Coordinating Minister for Economic Affairs, Airlangga Hartarto, expected the investment to come easily after the law's passage.

Japanese businessmen and industrialists welcomed the passage of the law positively, as Japan External Trade Organization reported.

=== Opposition ===
Prior to the passing of the law, Indonesian labor unions, motorized by the Labour Party, threatened to start nationwide strikes to bring total collapse to the Indonesian economy if the law passed and vowed to commit "jihad" against the government and law. Opposition parties the Democratic Party and the Prosperous Justice Party, rejected the law passage.

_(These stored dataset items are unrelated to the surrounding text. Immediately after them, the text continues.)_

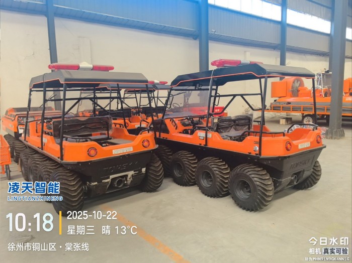 全地形:上山下水,爬坡過坎,泥潭沼澤,8×8低壓輪胎適合所有救援場景,最大可以乘坐6人。
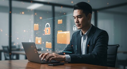 Businessman working on laptop data security concept
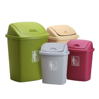 安赛瑞 摇盖垃圾分类垃圾桶 商用干湿分类垃圾桶 塑料摇盖式垃圾桶 环卫户外果皮垃圾桶 30L 红色 24355
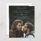 Elegantes einfaches Budget Foto Hochzeit Speichern Sie das Datum Einladung mit minimaler Typografie und Foto auf der Vorderseite. Die Rückseite hat eine Hochzeitswebsite und QR-Code.
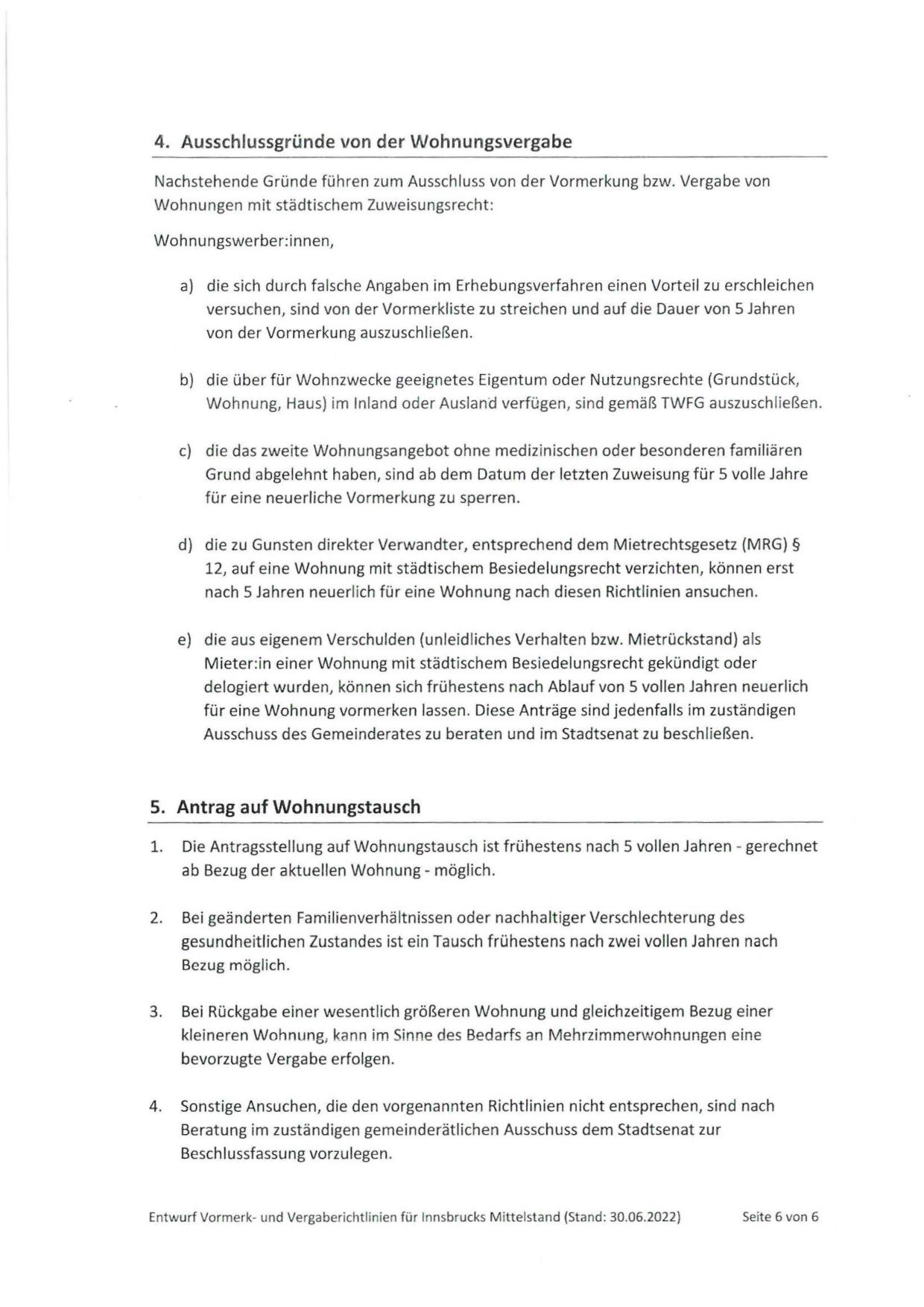 4. Aussch lussgrün de von der Wohnungsvergabe
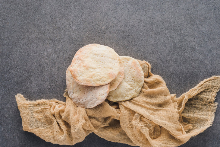 It is said that Yemeni matzah is the closest thing to what our ancestors ate during the exodus from Egypt, and its simplicity seems to support this assertion. Yemeni matzah is traditionally made with flour, water, and nothing else but the work of its baker. Yemeni matzah production, like in Ethiopia, also focuses on the speed and efficiency of the process, and thinning the ingredients down to two is certainly a facet of this. You can find soft matzah available fresh or in the freezer around Israel and other cities or online in the US here.
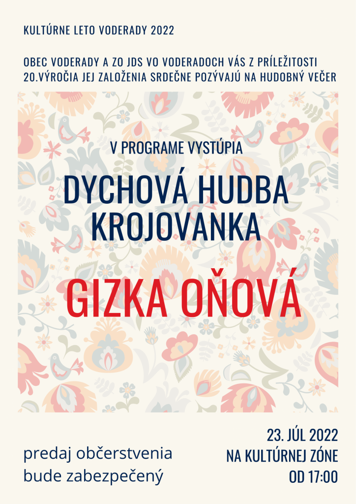 V rámci Kultúrneho leta Voderady 2022 sme do programu zaradili hudobný večer z príležitosti 20. výročia založenia Základnej organizácie Jednoty dôchodcov Slovenska vo Voderadoch. Na túto malú slávnosť , ktorej začiatok bude o 17:30 hod. na Kultúrnej zóne v centre obce Voderady všetkých srdečne pozývame.

Despite now being in coalition with the opposition, the Nasdem Party, however, supported the passage of the law.

Motorized by the Labour Party, as the law's passage becomes fruition, 5 million laborers across more than 100 100,000 companies will proceed to start a nationwide strike campaign from July to August 2023 to halt production of every goods produced. They will also hold sporadic weekly protests at the People's Representative Council and government institutions while filing judicial reviews to the Constitutional Court.

== Constitutional Status ==
The Constitutional Court declared the law constitutional and rejected cases filed by workers' associations motorized by the Labour Party on 2 October 2023.

However, the Manpower Cluster of the law was later deemed unfair by the Constitutional Court. On 31 October 2024, through Constitutional Court Decision No. 168/PUU-XXI/2023, the Constitutional Court decided to order the separation of the Manpower Cluster into a separate law, separated from the Omnibus Law. The Constitutional Court ordered the government to revise the law within 2 years.